Lord I am your servant. Please, have mercy on me.

Sunday, August 13, 2006

Everything You Are

Some people say I'm lucky, or that they admire me, because I follow God's will as hard as I can and believe in what I am doing. That's not the whole story. Many see the fruit of my walk with God, but it's the quiet times and the times I have to lock myself away to work or pray that people miss. If you want to draw closer to God, and walk in power, you must give up your life.

We cannot approach God without sacrifice. You must give God your hopes and dreams, your days and nights. People will say, "Yes but God won't want me to do something I don't want to do," and that is true, but only if they can see those dreams lost and ruined. God's way is infinitely better, but when I say sacrifice I mean real loss and real pain. It is the reality of your loss, not just your words, that is your sacrifice.

And after you lose your dreams of the future, your confidence in your present, and even your security what will you do? Will you humbly turn to God, who takes you with joy in open arms and only then can begin the refining process in your life? Will you become bitter at your Creator for taking what you told Him you wanted to give by signing up? This is the test of your roots; it is a question of whether your life is lived for God or still secretly for yourself. In God you will find strength to go on, away from God you will harm yourself with your own bitter emotions.

It's here, at the lowest point of your life, that God will meet you and transform you. You will learn a new way to walk, and you will be given a hope that never wears out. You will move forward with your eyes fixed on that hope, regardless of your surrounding situation. The pain will keep coming, losses will never stop in this life. In spite of that, you will be truly alive and the pain will not overcome you.

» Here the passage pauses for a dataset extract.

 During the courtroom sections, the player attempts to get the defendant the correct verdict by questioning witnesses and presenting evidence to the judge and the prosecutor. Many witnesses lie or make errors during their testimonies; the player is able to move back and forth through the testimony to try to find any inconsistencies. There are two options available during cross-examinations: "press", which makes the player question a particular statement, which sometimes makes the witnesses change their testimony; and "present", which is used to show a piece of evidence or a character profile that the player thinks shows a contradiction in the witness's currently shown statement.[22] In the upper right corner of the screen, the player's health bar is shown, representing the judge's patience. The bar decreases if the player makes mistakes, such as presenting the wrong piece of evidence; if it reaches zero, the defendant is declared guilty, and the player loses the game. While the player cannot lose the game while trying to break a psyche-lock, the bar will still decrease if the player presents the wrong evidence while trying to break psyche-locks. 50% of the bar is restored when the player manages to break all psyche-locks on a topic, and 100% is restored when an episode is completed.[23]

We've been called to have life abundantly, to be so alive every day that the world has more colour when we're around. Our selfish hearts are to be transformed by this gift, because we know it's by sharing the gift that we ourselves stand to gain. We are lives of sacrifice, reaching out because the love inside us will not be contained. This is what it means to be a Christian - real life comes with pain, and real love cannot be selfish.

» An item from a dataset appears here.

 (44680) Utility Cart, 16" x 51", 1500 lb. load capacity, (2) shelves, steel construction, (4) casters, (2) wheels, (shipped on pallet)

Wednesday, August 09, 2006

Don't Cheapen It!

Generosity is a wonderful thing, I love being generous when people don't have money on them or can't afford something! What really irritates me is when others try to find excuses to do the same. Why can't we just be generous? Why does it have to be, "I guess I ate lunch at your place the other day, so I could pay for this if you want"? Why can't it be, "Hey I'll pay for it, don't worry about it!"?

I actually know a lot of nice people who were brought up believing they had to pay every last cent of generosity back, otherwise they were in debt. Don't cheapen it! It's great to be generous, and it's great to be blessed by someone's generosity! People try to complicate things, whether out of a need to justify spending money to themselves or an excuse so they appear "humble" - deep down, their hearts are in the right place, but they need to listen to their hearts and line their words up with what they really believe.

If you want to be generous, be generous! It's the way I live, and even on my limited budget I'm doing fine. I don't need an excuse to bless someone, and I don't want anything back. I'm just happy to make someone's day a little better. We need to learn there is so much value in the act of giving freely and out of love, that repayment is never considered and reason is never needed. Did Jesus need a reason to feed people, or to heal people? He simply met them at their point of need, and often did so at a fair sacrifice of time he needed for sleep or prayer!

So when you give, don't cheapen it by justifying or by doubting whether you can afford it, or by feeling obligated to give. Give because you can!